Или отказать приглашенным? Нет, это слишком. Потому, раз сказали Куракины, что хотят дать прием по случаю возвращения Александра Борисовича в Петербург, так тому и быть и пока дом Алексея — это лучший вариант для приемов.
— Идти нельзя, и нельзя не идти, — констатировал я.
— Может станет легче, — сказал Куракин.
Было видно, что он и сам не верил в то, что полегчает. А я это знал.
— Прикиньтесь больным, Алексей Борисович. Не срамной болезнью живота, а… — я сделал вид, что задумался. — Лоб расшибли. Повязку можно наложить на лоб. Ну и на приеме всем будете рассказывать, что упали с лестницы, когда самолично лезли за указом государя, пусть Петра Великого, ну и слетели с лестницы. Пробыли без сознания, а тут нужно уже и к государю. Вы, как верноподданный быстро пошли, но… покачнулись и пришлось лечь на кушетку.

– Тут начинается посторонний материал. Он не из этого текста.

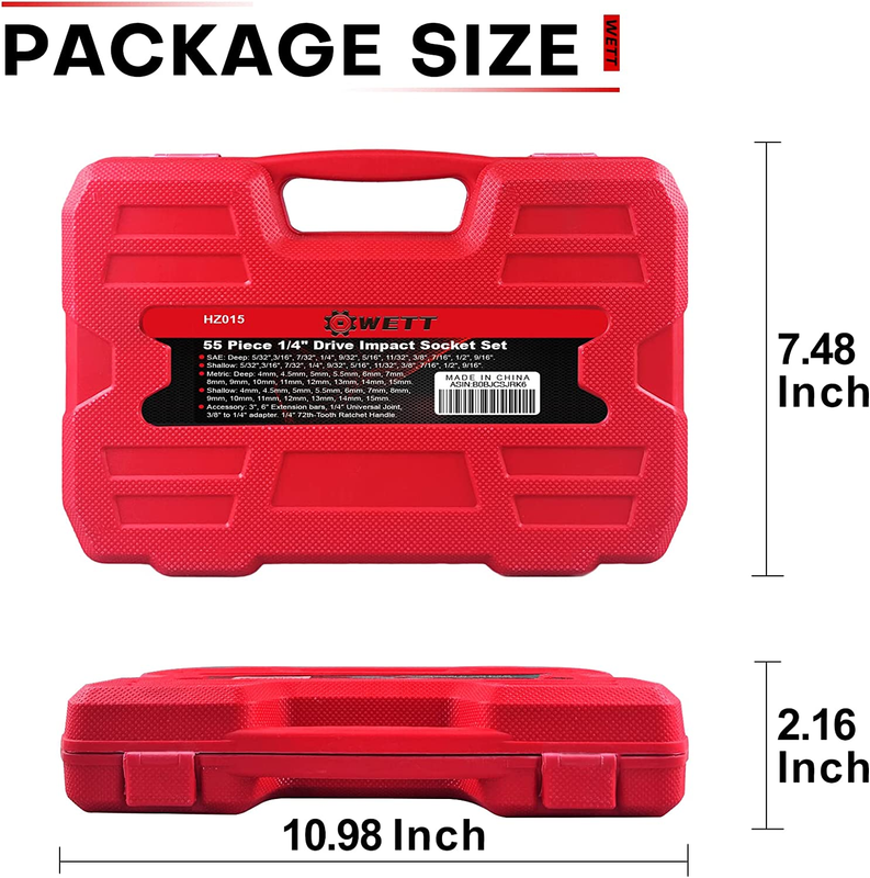1/4" Socket Wrench Set: SAE: Deep: 5/32",3/16", 7/32", 1/4", 9/32", 5/16", 11/32", 3/8", 7/16", 1/2", 9/16". Shallow: 5/32",3/16", 7/32", 1/4", 9/32", 5/16", 11/32", 3/8", 7/16", 1/2", 9/16"
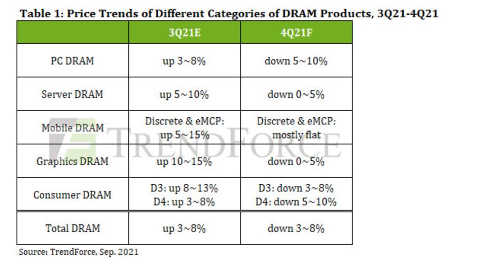 Les clients sur les marchés finaux ayant un stock de Dram plus élevé, ils seront moins disposés à en acheter prochainement. C’est pourquoi les prix de Dram devraient baisser entre 3 et 8% au 4e trimestre en comparaison au trimestre précédent.

— Вы, конечно, пиит и, смею быть уверенным, что хороший. Но такие сказки сочиняете, что в пору русским сказителем стать, — усмехнулся Куракин, но, что важно, идею не отринул. — Вы и пойдете, Михаил Михайлович, как МОЙ секретарь.
На слове «мой» князь сделал такое логическое ударение, что я в какой-то момент даже почувствовал себя рабом, вещью. Но это чувство улетучилось, а на смену пришло другое: нужно же быстро подготовиться, еще раз перечитать доклад, который я же и готовил для Куракина. Не то, что я стал сильно мандражировать, но… Это же оказаться перед императором! Тот самый шанс, что может и не выпасть раз в жизни.
— А где взять крови, чтобы повязка была похожа на правду? — спросил Куракин.
— Ваша светлость, хотите, я вам дам своей крови? — в шутливой манере сказал я и мы рассмеялись.
Никогда не смейтесь во время расстройства желудка, ни к чему хорошему это не приведет!
Глава 6
Глава 6
Петербург
Зимний дворец
17 января 1796 года. День
Мне не приходилось еще видеть, как опытные собаководы рассматривают щенков борзой. И уж точно я не могу знать, что при этом чувствуют любители собак. Может они рады самому существованию щенков, словно родители этих скулящих созданий, или же, напротив, лишь решают, сколь много можно выручить серебра за каждого щенка. Нет, я не знаю чувств собаководов, но я уже примерно понимаю, что могут чувствовать сами щенки, будь у них чуть больше разума.
Я стоял, идеальной стойкой чиновника пред царствующей особой. Тренировался, сравнивал с иными. И, да, — моя стойка близка к идеальной, породистой. Полна аристократизма, но, вместе с тем, есть тут и толика покорности. Глаза смотрят вперед, чуть выше, головы императора. С Павлом Петровичем это очень простая задача, с его-то росточком, не приходится сильно высоко запрокидывать голову, напрягая шею.
А меня рассматривали, обходили стороной, заглядывали в глаза. Щенок… Да я щенок борзой, меня оценивают, как домашнего питомца. И важно, чтобы я, не теряя чести, в тоже время не превращался из щенка борзой в бо́рзого щенка.